Data shown below:

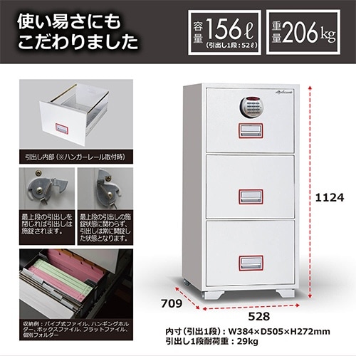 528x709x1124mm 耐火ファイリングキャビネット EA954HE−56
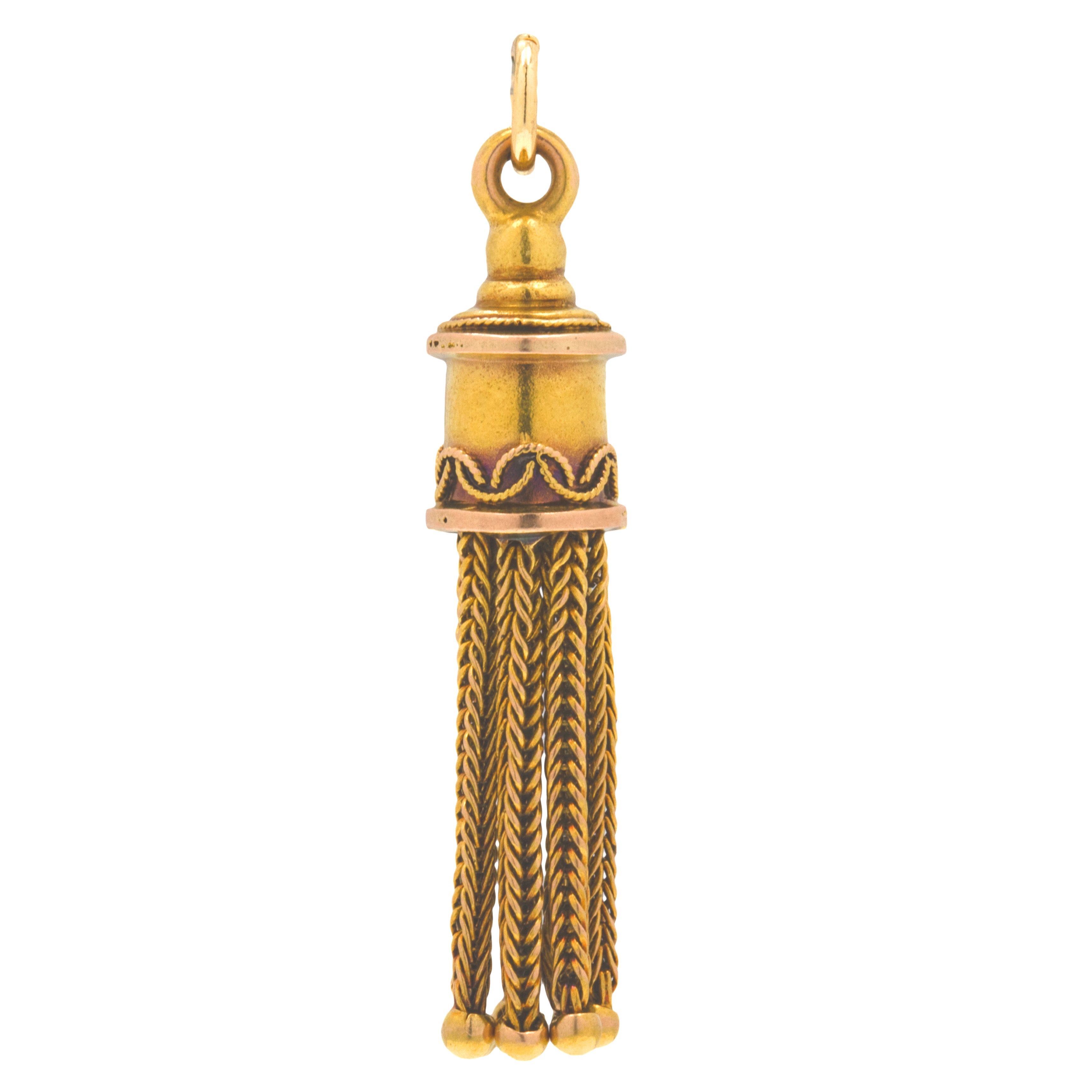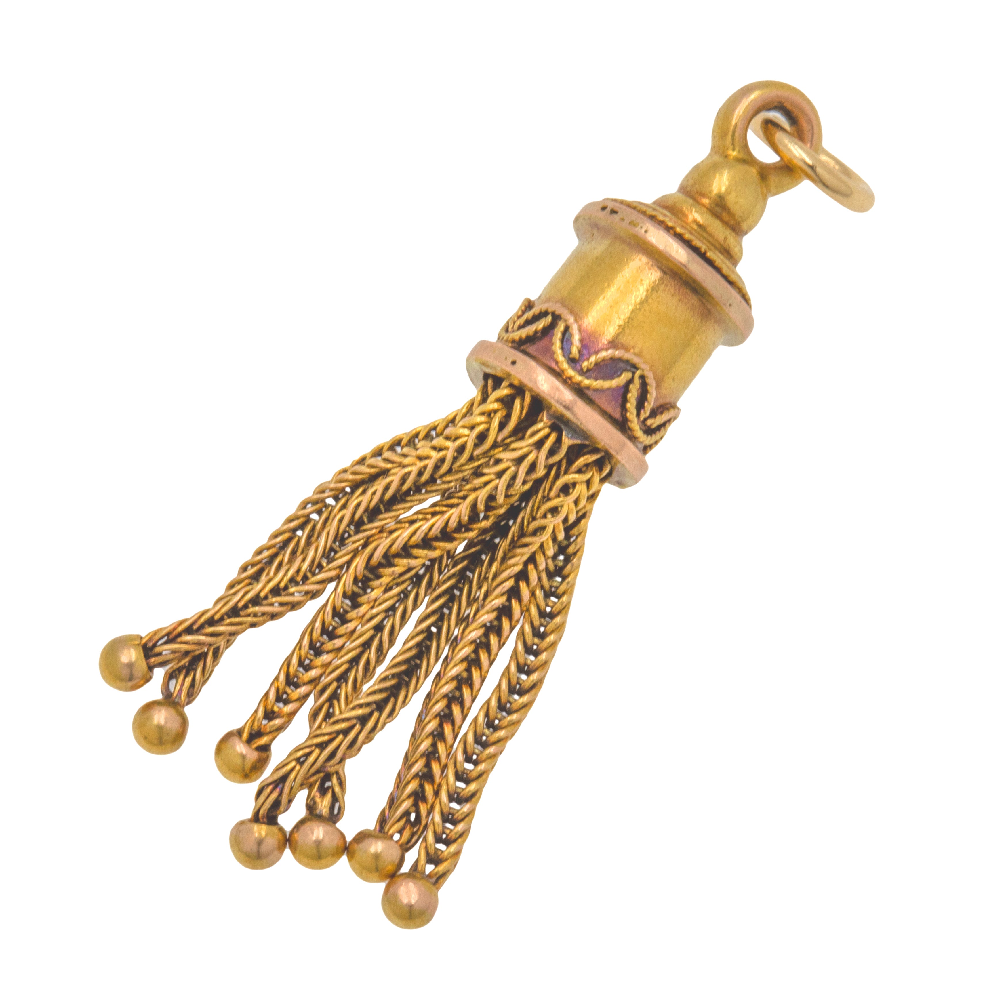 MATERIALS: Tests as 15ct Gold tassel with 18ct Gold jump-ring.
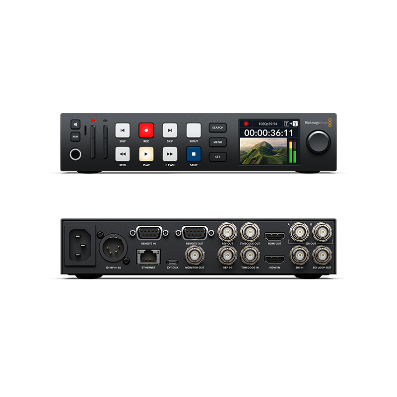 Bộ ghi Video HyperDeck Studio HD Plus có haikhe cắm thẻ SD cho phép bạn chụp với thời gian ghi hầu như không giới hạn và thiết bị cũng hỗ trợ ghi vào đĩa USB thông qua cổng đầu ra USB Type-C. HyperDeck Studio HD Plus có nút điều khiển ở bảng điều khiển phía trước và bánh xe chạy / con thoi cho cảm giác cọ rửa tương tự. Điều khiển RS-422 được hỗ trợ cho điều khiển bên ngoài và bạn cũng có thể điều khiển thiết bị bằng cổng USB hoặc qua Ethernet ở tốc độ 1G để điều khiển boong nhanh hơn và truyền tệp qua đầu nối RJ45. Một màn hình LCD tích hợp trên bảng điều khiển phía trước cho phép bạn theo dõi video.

End of Data shown.

What to work on:
The copy must match the listing above exactly, except that it holds no pictures.

Completed exercise:
 528x709x1124mm 耐火ファイリングキャビネット EA954HE−56
 MATERIALS: Tests as 15ct Gold tassel with 18ct Gold jump-ring.
 Bộ ghi Video HyperDeck Studio HD Plus có haikhe cắm thẻ SD cho phép bạn chụp với thời gian ghi hầu như không giới hạn và thiết bị cũng hỗ trợ ghi vào đĩa USB thông qua cổng đầu ra USB Type-C. HyperDeck Studio HD Plus có nút điều khiển ở bảng điều khiển phía trước và bánh xe chạy / con thoi cho cảm giác cọ rửa tương tự. Điều khiển RS-422 được hỗ trợ cho điều khiển bên ngoài và bạn cũng có thể điều khiển thiết bị bằng cổng USB hoặc qua Ethernet ở tốc độ 1G để điều khiển boong nhanh hơn và truyền tệp qua đầu nối RJ45. Một màn hình LCD tích hợp trên bảng điều khiển phía trước cho phép bạn theo dõi video.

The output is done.